Sunday, April 20, 2008

The Sunday Salon: More Reading in the Rain

Yet another rainy Sunday – real rain this time, with lots of thunder and lightning. What's going on here? Have we been magically transported to Seattle? Or is it just the weather gods amusing themselves with a little springtime mayhem? I know I should stop reporting on the weather, and just get on with my reading (and blogging), but all this rain makes me feel more like napping (yawn).

So, getting on with it.

Today I finally managed to finish Peter Ackroyd's Chatterton. I've had it underway for much, much too long. Don't know why it's taken me such an embarrassingly long time to finish, because I quite enjoyed it. Now I just need to make myself do a little review of it while it's still fresh in my increasingly addled memory.

The only other reading I've done today (besides the newspapers) is from Thomas Mallon's A Book of One's Own: People and Their Diaries. Haven't gotten very far into it, but I like what I've read so far. Diary- and journal-keeping is a subject I've always been interested in. I'm a diary-keeper myself – have been since I received my first diary at age 6 or so: pink leatherette with gold fleur-de-lis decorations and a tiny brass lock and key (although the key was lost and the lock broken long ago).

I recently went back and looked at a couple of my earliest journals, thinking what a wonderful walk down memory lane they'd be. What a disappointment it was to find my 7-year-old self penning immortal entries like "April 29th. Went to school." or "Feb. 13. I'm over my cold." or "June 12. Today was Thursday." And that last one was in the middle of June, ladies and gentlemen! Surely I was doing something on that searingly hot and humid Texas summer Thursday. But we'll never know if or what.

In his introduction to the book, Mallon takes up the questions of why people keep journals and diaries (he also establishes very early on that the two words are pretty much interchangeable), and whether or not they write with an implied reader, other than themselves, in mind. He believes "no one ever kept a diary for just himself," and though he admits that attitude "has provoked more disagreement than any other" he still believes that diary-keepers write with some reader (some "you") in mind:

Your "you" may be even less palpable than mine, but someday, like the one you love, he'll come along. "He" may turn out to be a great-great-granddaughter, one summer afternoon a hundred years from now, going through boxes in an attic – or the man to whom she's sold the house, without remembering to clean out the garage. But an audience will turn up. In fact, you're counting on it. Someone will be reading and you'll be talking. And if you're talking, it means you're alive.

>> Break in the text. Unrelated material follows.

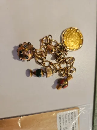 Pulsera de Oro 18 kilates con una moneda de oro de 1823. Puedes ver en la ultima foto una pieza como esta de 46gr el precio que tiene. Esta es de 26 es decir mas de la mitad y esta en menos de la mitad de precio.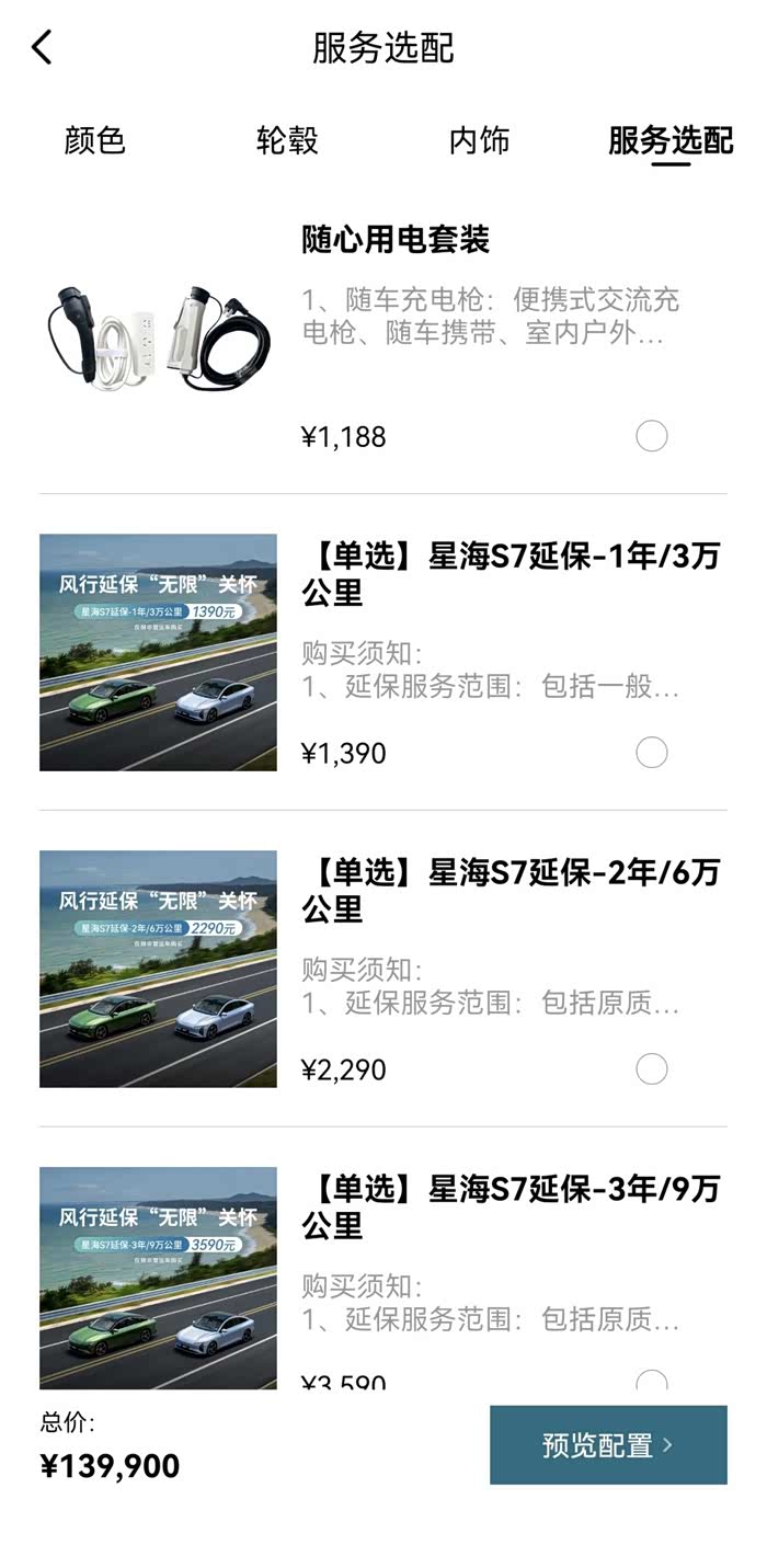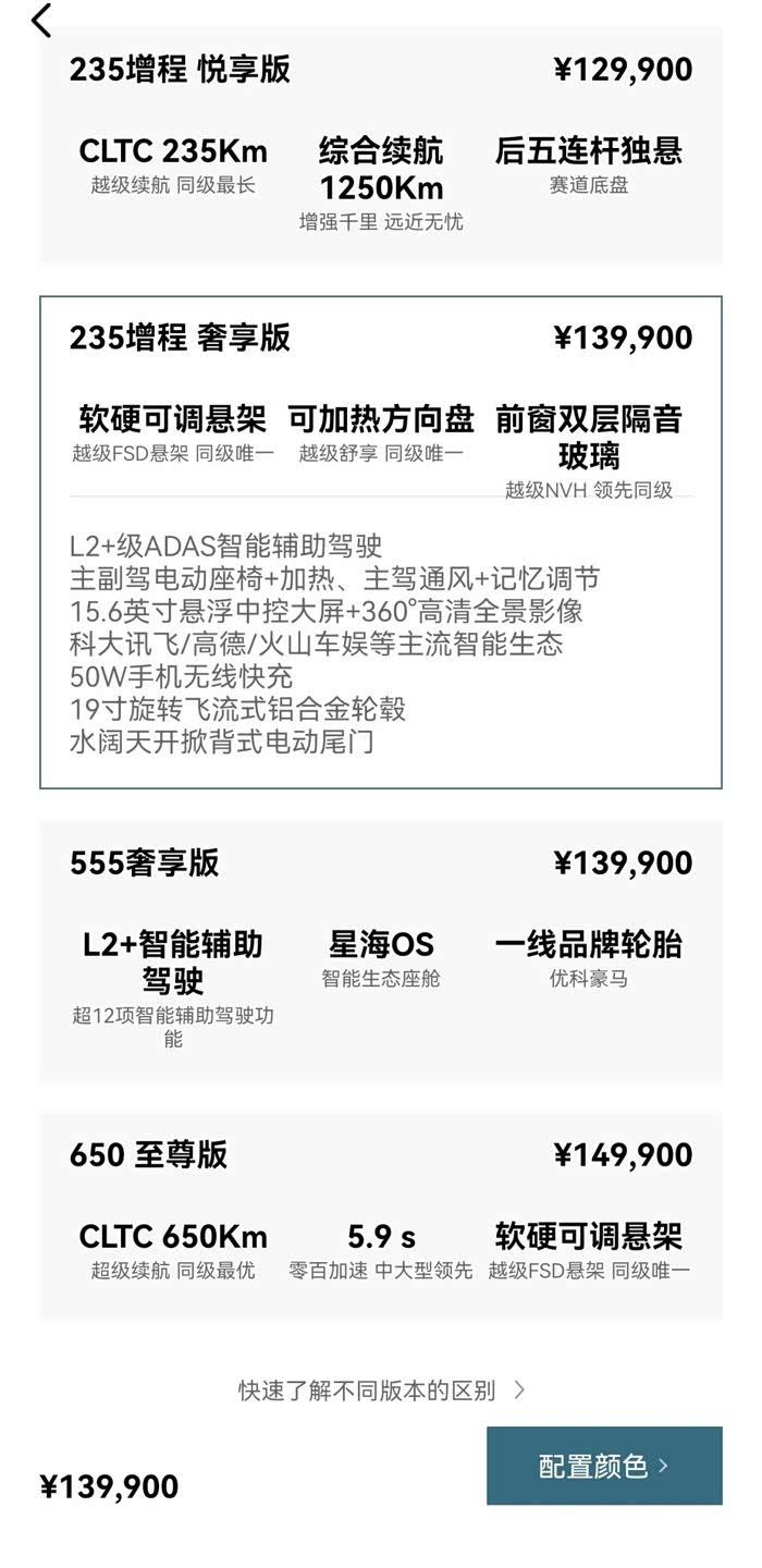 纠结的那段时间,有朋友说一般增程比同配置的纯电会便宜几千块,星海S7一样价格,这有点离谱,我倒觉得挺正常,配置差不多,悬架升级了啊,增程奢享版可是FSD逍遥悬架,对比那台555公里纯电奢享版,确实滤震效果更好。

Well, I'm not so sure I agree with all of that. I don't really envision anybody ever reading my journals except myself and possibly my husband. And if he survives me, M. has orders to burn all this massive amount of paper I've accumulated, journals included. So no great-great descendant will ever have the opportunity to slog his way through scintillating stuff like: "May 5. Dear Diary, Played a lot."

4 comments:

  1. I would like to read your journals. If you were playing a lot at age 7 you were likely playing with me and I don't remember it and I think it would be extremely fantastic to read what we were doing from someone that was there.

    I have my first diary -- pink "Ponytail" one, I think, and it has entries from all different dates. I would let you read it if you want.I mean, after all, you gave me the diary so I guess you should be able to read it!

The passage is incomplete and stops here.